The errors are broken into three categories:

Insecure Interaction Between Components (9 errors)

Risky Resource Management (9 errors)

Porous Defenses (7 errors)

The report identified improper input validation as “the number one killer of healthy software.”

“Incorrect input validation can lead to vulnerabilities when attackers can modify their inputs in unexpected ways. Many of today’s common vulnerabilities can be eliminated, or at least reduced, using proper input validation,” the report said.

Other errors include:

• Failure to Preserve SQL Query Structure (aka ‘SQL Injection’)

• Improper Encoding or Escaping of Output

• Failure to Constrain Operations within the Bounds of a Memory Buffer

• Use of a Broken or Risky Cryptographic Algorithm

• Hard-Coded Password

“This is a very comprehensive list of very often neglected errors and how to deal with them. It will be valuable for coders as well as non-technical department heads and managers who need a better understanding of programming issues,” said Howard Kiewe, senior research analyst specializing in application development at the analyst firm Info-Tech Research Group in London, Ont.

Kiewe said the list appeared to concentrate on Web application development and would be useful for programmers and organization working on online tools.

He said some of the listed errors are “pretty obvious, but you would be surprised to find out how often these basic mistakes are committed.”

For instance hard-coding passwords into software code is a common practice by programmers who want to make software testing easier. Unfortunately, the practice also makes it easier for hackers to crack the software, Kiewe said.

As many organizations face the challenges of the economic recessions, having a comprehensive guideline on how to avoid costly programming errors would be a valuable tool, according to David Senf, director of Security and Software Research at IDC Canada.

In some cases, Senf said, debilitating attacks such as SQL injections attacks can be traced to developer mistakes.

“Following a checklist such as this could spell the difference between a successful development process and having a hacker living in your software stealing personal and critical information for six months or more,” Senf said.

The authors of the list, however missed one “glaring issue” according to another industry insider, Michael Bolton a specialist in rapid software testing and founder of DevelopSense, a Toronto-based program management, testing and configuration management services firm.

“I think they missed the most serious problem. People tend to focus on fixing technical problems to make sure the software works, but they fail to identity if the program actually does something useful,” Bolton said.

He said the researchers reached a consensus quickly because leaders in the programming, testing, and security communities at large “have known about these kinds of problems for years, and we’ve known about how to fix them, too.”

However, Bolton said, not much is done about persistent programming errors, because organizations do not focus on quality as a relationship between the product and its users.

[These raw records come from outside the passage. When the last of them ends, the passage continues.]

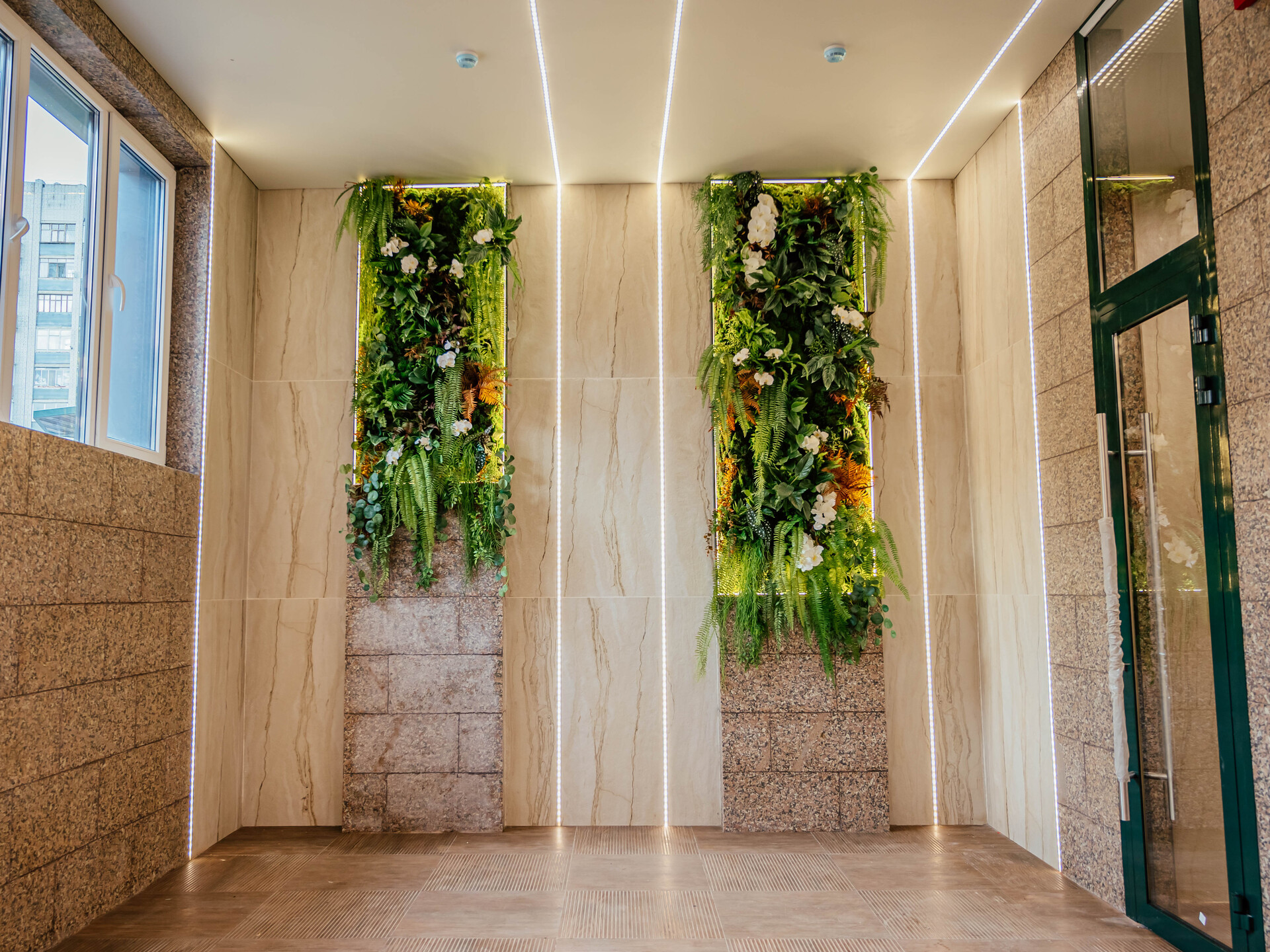 Дизайн стеновых панелей выполнен в классическом стиле и изготовлен из шлифованной нержавеющей стали. Он отличается прочностью и сохраняет свой привлекательный вид на протяжении долгого времени. В кабине лифта установлена ультратонкая панель для вызовов с семисегментным дисплеем, а пол покрыт натуральным гранитным камнем.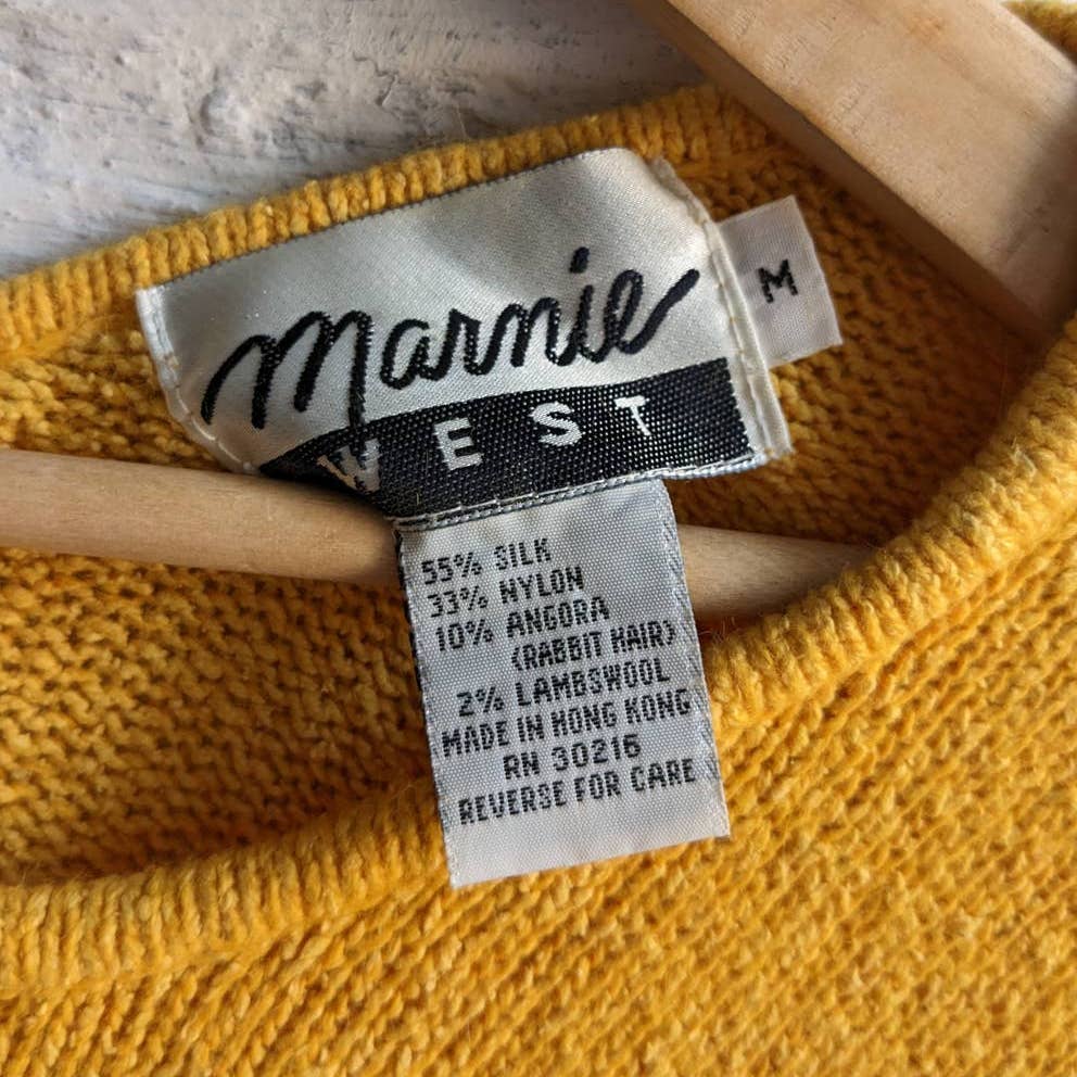 Love! The little bows though! Mega cute super soft color pop sweater with 80s retro does 70s sunshine kawaii vibes. Silk angora wool blend is soft and cozy with beautiful varied knit texture in a gorgeous sunshine yellow mustard tone. Keyhole design, adorable bow details, scoop boat neckline, ribbed cuffs and hem. Light to mid-weight sweater, perfect for layers. Gently used, in excellent vintage condition.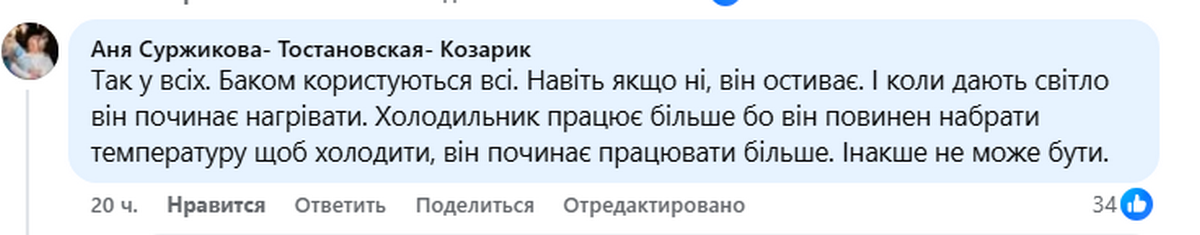 «Режим роботи холодильника залежить від моделі, марки, температури зовнішнього повітря, заповненості морозильних камер тощо. Проте принцип загалом такий: при стабільному електропостачанні агрегат 20 хвилин працює і 20 хвилин відпочиває. Коли ж його включають після тривалої паузи (як у нас буває через 7, а то й 9 годин), щоб набрати необхідний температурний режим, він починає тривалий час працювати без перерв. Відповідно в цей час і електрики він споживає більше».

“The top priorities, it seems to me, are usually considered to be availability or time to market, and the cost of developing or purchasing the software. Managers have problems that they want to solve, and they want to solve them right now at the lowest possible cost,” he said.

“It’s entirely possible to create a program that is functionally correct, robustly secure, splendidly interoperable, and so forth, but people might still hate it. Vista was a flop because it makes people think they’re being pecked to death,” Bolton said.